--- What you need to do ---
Repeat exactly the lines below, from the line containing "17 maja 2025" through the last line, both included. Leave out any pictures.

Data section section start

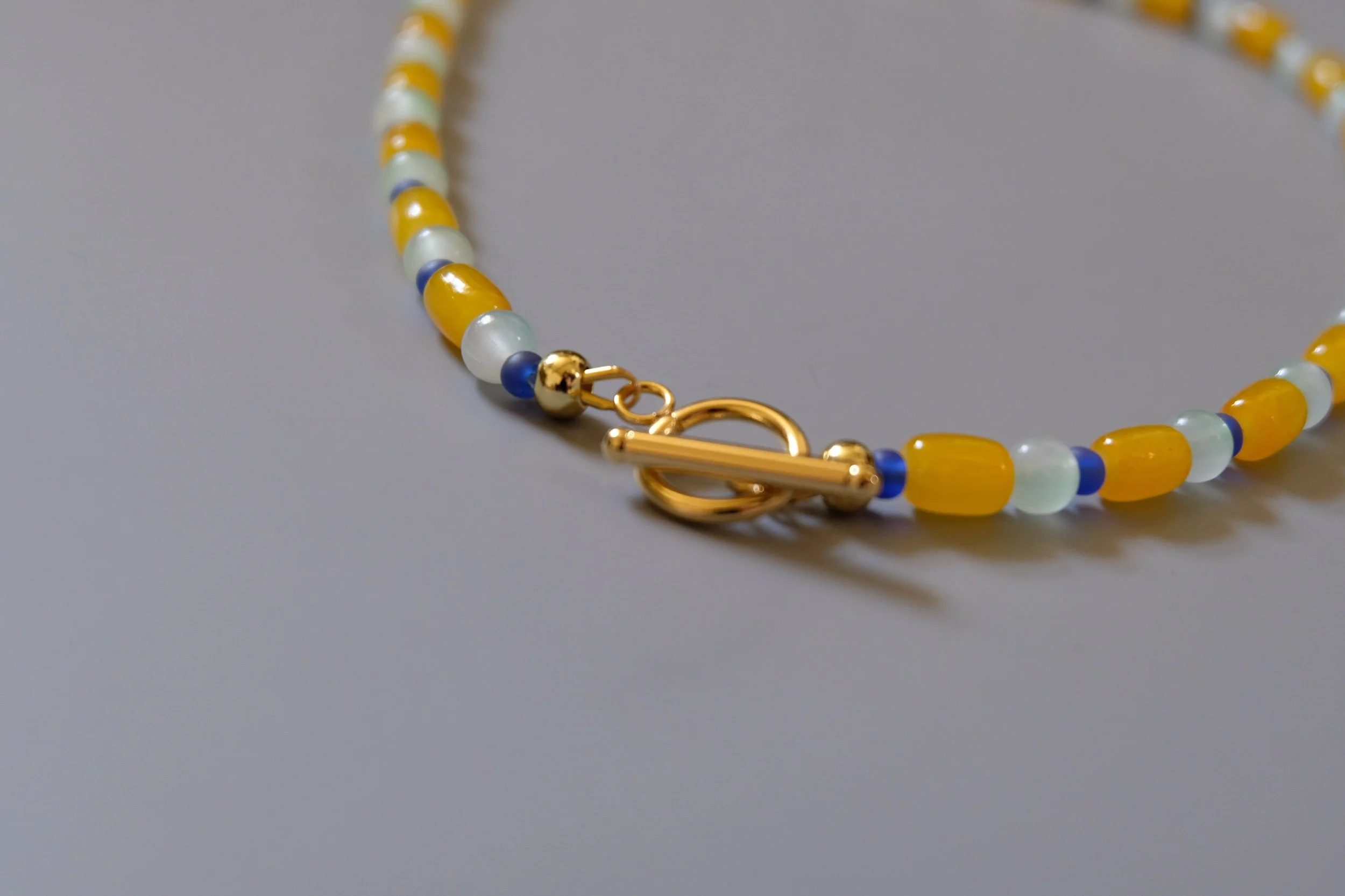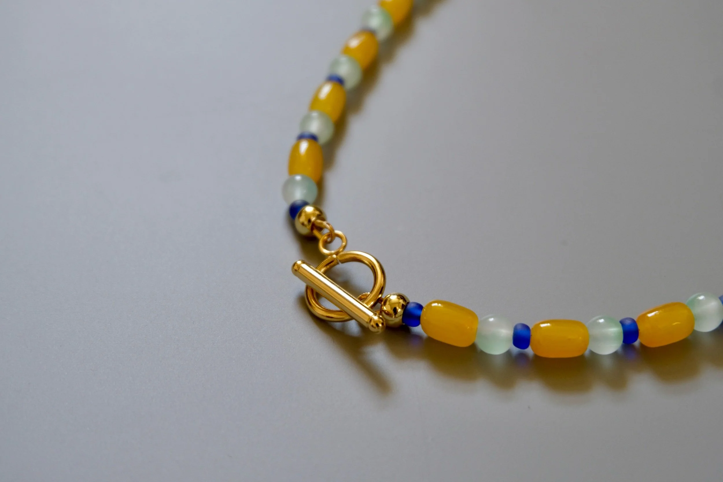Yellow, blue and aqua beaded necklace
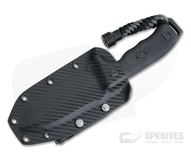 The Blade:Â The full tang of hard-working Bohler Elmax steel is black finished and features a razor-sharp Tanto piercing edge to tackle any job. It’s quite thick and graces a rising, textured thumb rest for control.Â
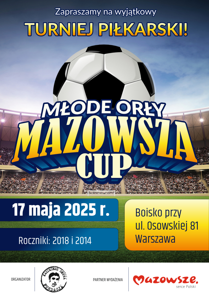 17 maja 2025 roku zapraszamy na wielkie piłkarskie święto! Młode Orły Mazowsza Cup to pierwsza edycja turnieju skierowanego do dzieci i młodzieży z całego Mazowsza.
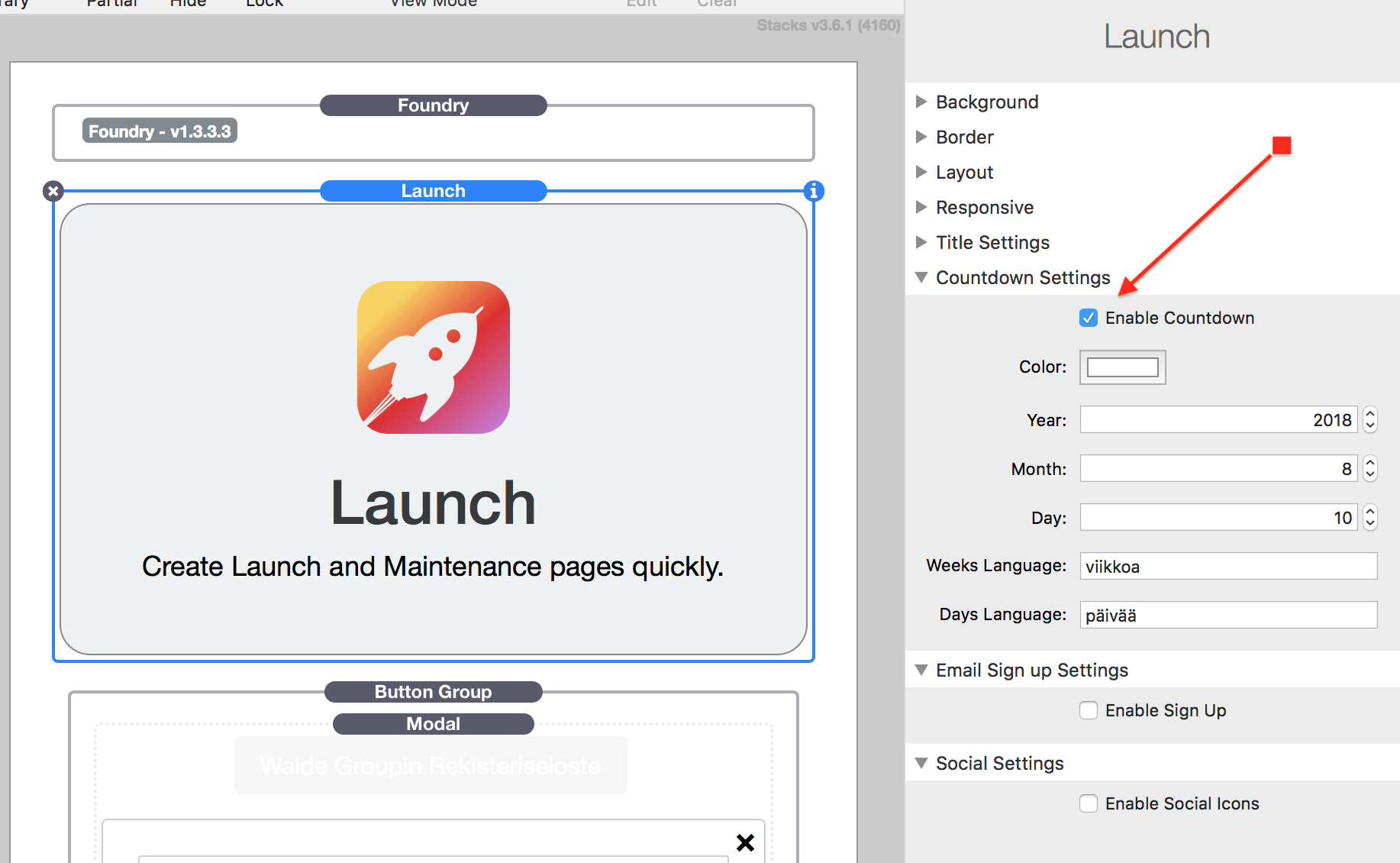 I use the Landing Countdown Stack from Yuzool to display how long until a training course starts, but could do with taking off the hours, minutes & seconds. So that it only displays the days.

Data section section end

--- Expected output ---
 17 maja 2025 roku zapraszamy na wielkie piłkarskie święto! Młode Orły Mazowsza Cup to pierwsza edycja turnieju skierowanego do dzieci i młodzieży z całego Mazowsza.
 I use the Landing Countdown Stack from Yuzool to display how long until a training course starts, but could do with taking off the hours, minutes & seconds. So that it only displays the days.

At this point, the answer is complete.